A family member of a passenger onboard the Malaysia Airlines Flight MH370 holds a banner during a protest outside Lido Hotel in Beijing yesterday. Reuters

But despite having access to considerable assets, Australian Prime Minister Tony Abbott said the search teams faced a formidable task given the distances involved.

“We should not underestimate the difficulty of this work, it is an extraordinarily remote location,” he told reporters Saturday.
“We are trying to find small bits of wreckage in a vast ocean. While we’re throwing everything we have at it, the task goes on.”
Planes attached to the multinational operation spotted “multiple objects” floating in the water on Friday after the focus of the search moved to a new zone on the strength of fresh data indicating the plane was flying faster than first thought before it disappeared on March 8.

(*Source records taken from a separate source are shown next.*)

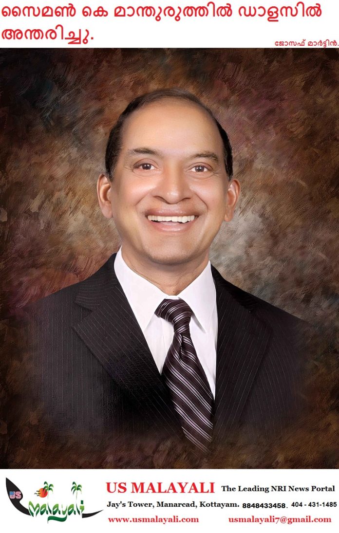 ഡാളസ് : കോട്ടയം കൈപ്പുഴയിൽ ലൂക്കോസ് മാന്തുരുത്തിലിന്റെയും അരീക്കര അന്നമ്മ ലൂക്കോസിന്റെയും മകനായ സൈമൺ മാന്തുരുത്തിൽ (75) ഡാളസിൽ അന്തരിച്ചു. ഭാര്യ: ലിസമ്മ ഇഗ്നേഷ്യസ് കാഞ്ഞിരപ്പള്ളി വെട്ടിക്കാട്ട് കുടുംബാംഗം.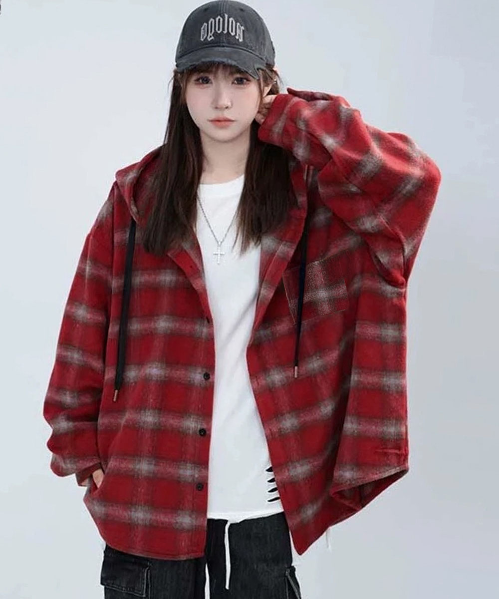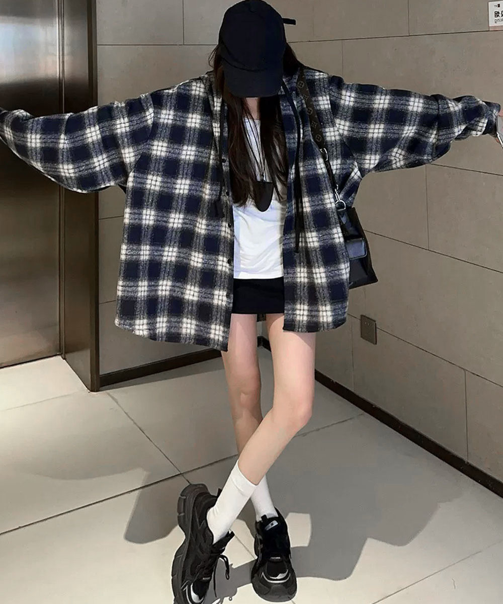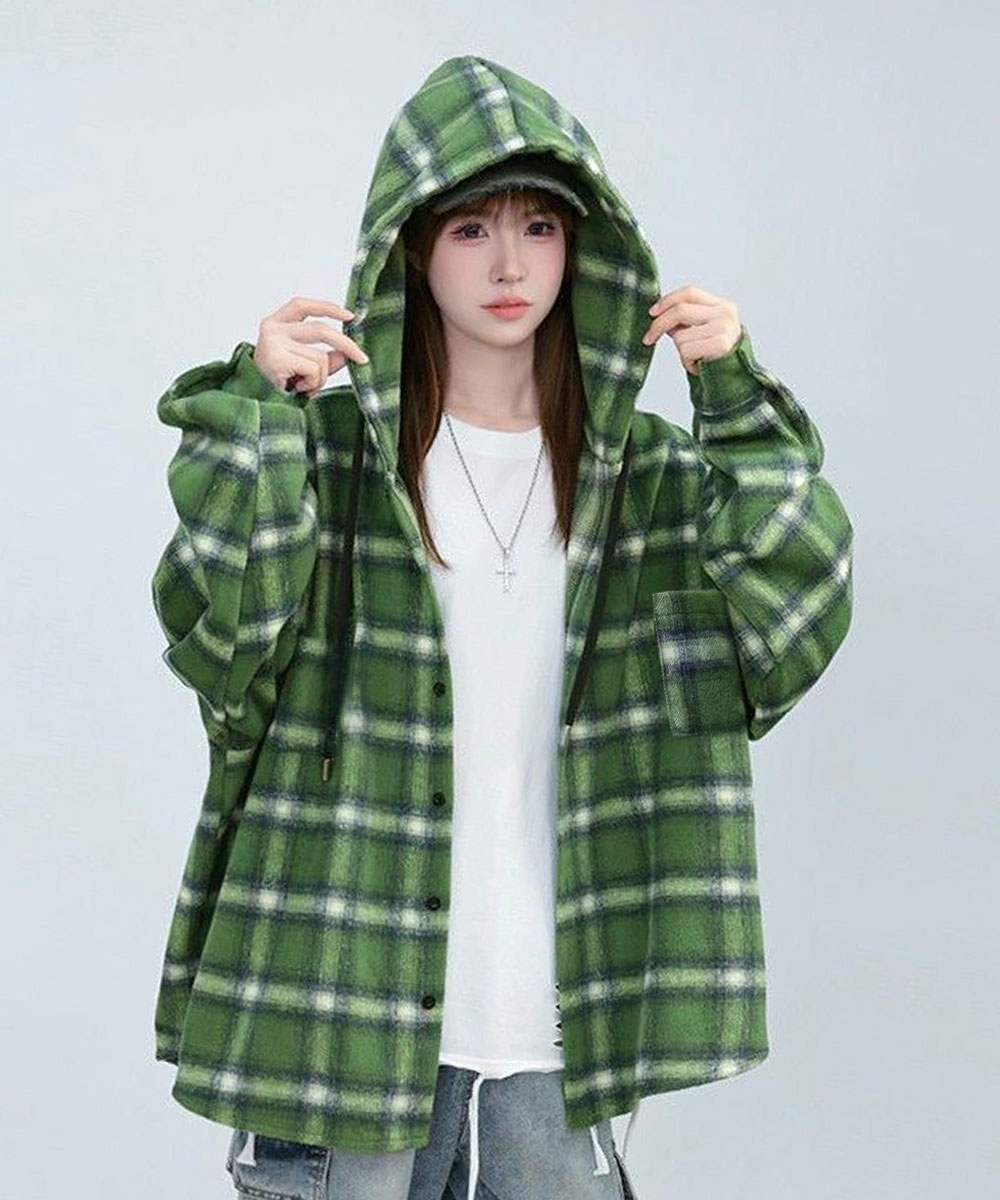 微起毛BIGフードシャツ オーバーサイズシャツジャケット ミディアム丈レトロチェックシャツ ゆったりこなれ感秋服アウター チェック柄羽織り秋 起毛シャツブラウス 春秋ライトアウター 大人気のチェックシャツにフード付きが登場! 微起毛素材で肌触り抜群、オーバーサイズで今っぽいシルエット。 程よい厚みで春秋の羽織りに最適、フードデザインがカジュアルなこなれ感をプラス。 アウターとレイヤードでフードを見せたり、ニットやトレーナーとの重ね着でコーディネートのアクセントに。 馴染みの良いオンブレーチェックで、ワイドパンツやレーススカートなど幅広いスタイルに合わせやすい。 br>素材:ポリエステル65%+綿35% カラー:ネイビー/ホワイト/ワインレッド/グリーン サイズ:ワンサイズ 着丈:前丈約71cm/後ろ丈約76cm 肩幅:約60cm 袖丈:約59cm ゆき:約89cm 身幅:約75cm 胸囲:約150cm 裏地:なし 伸縮性:なし 透け感:なし 生産国:中国 ※すべて平置きサイズです(採寸方法違いより、多少の誤差がございますので、ご了承ください)。 ※海外輸入品のため、商品の細部仕様は多少異なる場合がございます。予めご了承の上、ご注文お願い致します。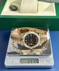 Rolex Day-Date 228235 Baguette Diamond Paved Dial 18K Gold Wrapped Custom Baguette Moissanite Bezel Best Replica 40mm
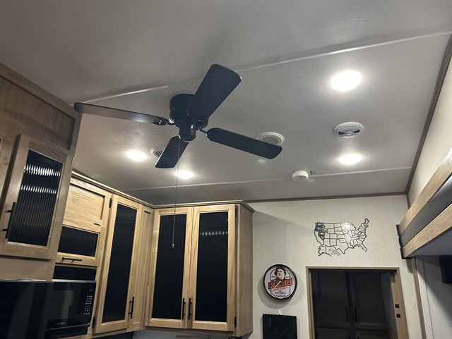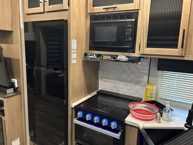 Let the fun times begin with the purchase of this Cherokee Arctic Wolf fifth wheel! You'll have loads of sleeping space for ten tired travelers with the front private bedroom, rear private bunkhouse, U-shaped dinette, and tri-fold sofa. You'll also have excellent storage space with the storage below the lower bunk in the bunkhouse, the large walk-in pantry next to the entry door, the 11-cubic foot residential refrigerator in the kitchen for your perishables, the under-bed storage and large wardrobe in the bedroom, and the exterior open pass-through storage. You'll also have a large slide in the main living area for more living space, and the ceiling fan will cool you down as you are relaxing. Or, if you need to heat things up a bit, you can just switch on the fireplace.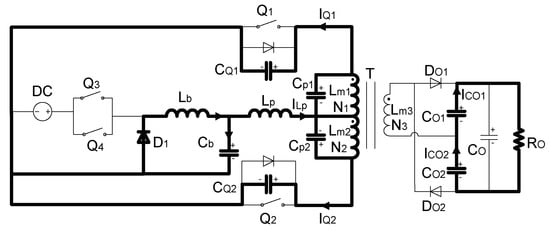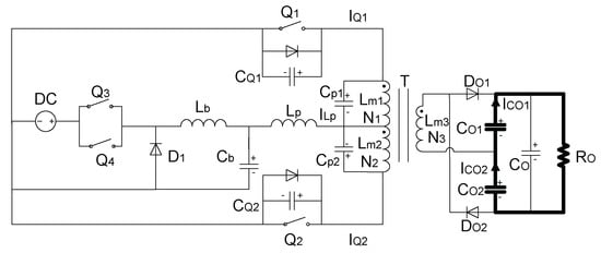 (1) All parasitic parameters, including the leakage inductance, magnetizing inductance, and parasitic capacitance, are fully utilized in the proposed two-stage power converter. Only an external resonant capacitance is required for the resonant tank. Therefore, fewer components are needed.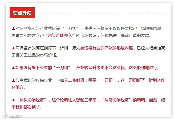 中央各媒体集中发声,关注点主要集中在整治“散乱污”、去除多余产能、倒逼产业升级、良币驱除劣币。从上面的资料来看,以前的唯GDP为重的大方向已经变化,环境问题也逐渐成为了加分项。环保督察真的不是在走过场、绕圈圈,而是在真的动真格。风来了,除了面对,无处可躲。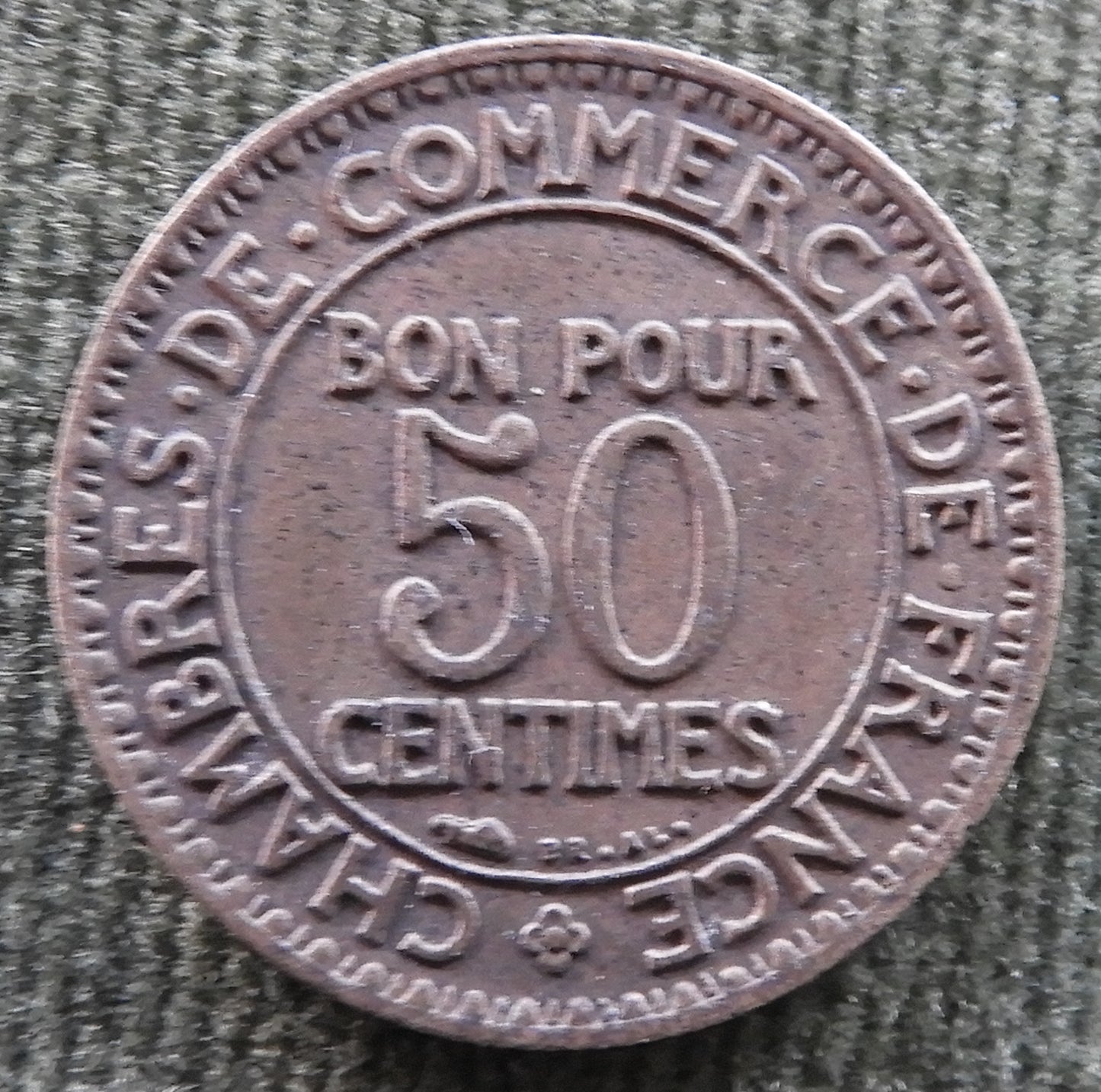 French 1923 50 Centimes Chamber Of Commerce Coin - Commerce Industrie Coin. A good coin showing wear consistent with moderate to heavy handling in circulation, please view images. All images shown are of the actual coin.

Authorities stressed that the items sighted could not be verified as coming from MH370 until they were physically examined and ships from China and Australia have been tasked with finding them.

The Australian Maritime Safety Authority (AMSA) said a Chinese ship, the Haixun 01 began attempting to relocate the objects at first light today.

It was joined by a navy vessel Jinggangshan, which carries two helicopters, China’s official state news agency Xinhua said.
AMSA expects six ships to be in place by the end of the day, including the Australian navy’s HMAS Success and a total of five Chinese vessels as they comb an area of roughly the size of Norway.

The authority said weather conditions today were good, although they could deteriorate later in the day.
AMSA has 11 military aircraft from six countries — Australia, China, Japan, New Zealand, South Korea and the United States — at its disposal for the search, which is taking place far off Western Australia and about 1,100 kilometres (685 miles) northeast of where initial efforts were focused.

Yet the objects they are trying to find are tiny, with New Zealand Air Vice-Marshal Kevin Short saying the items spotted from a New Zealand Orion Friday were mostly rectangular and ranging in size from just 50-100 centimetres (20-40 inches).
New search zone

The search sector “was shifted north after international air crash investigators in Malaysia updated their previous analysis of the likely aircraft movement”, AMSA said.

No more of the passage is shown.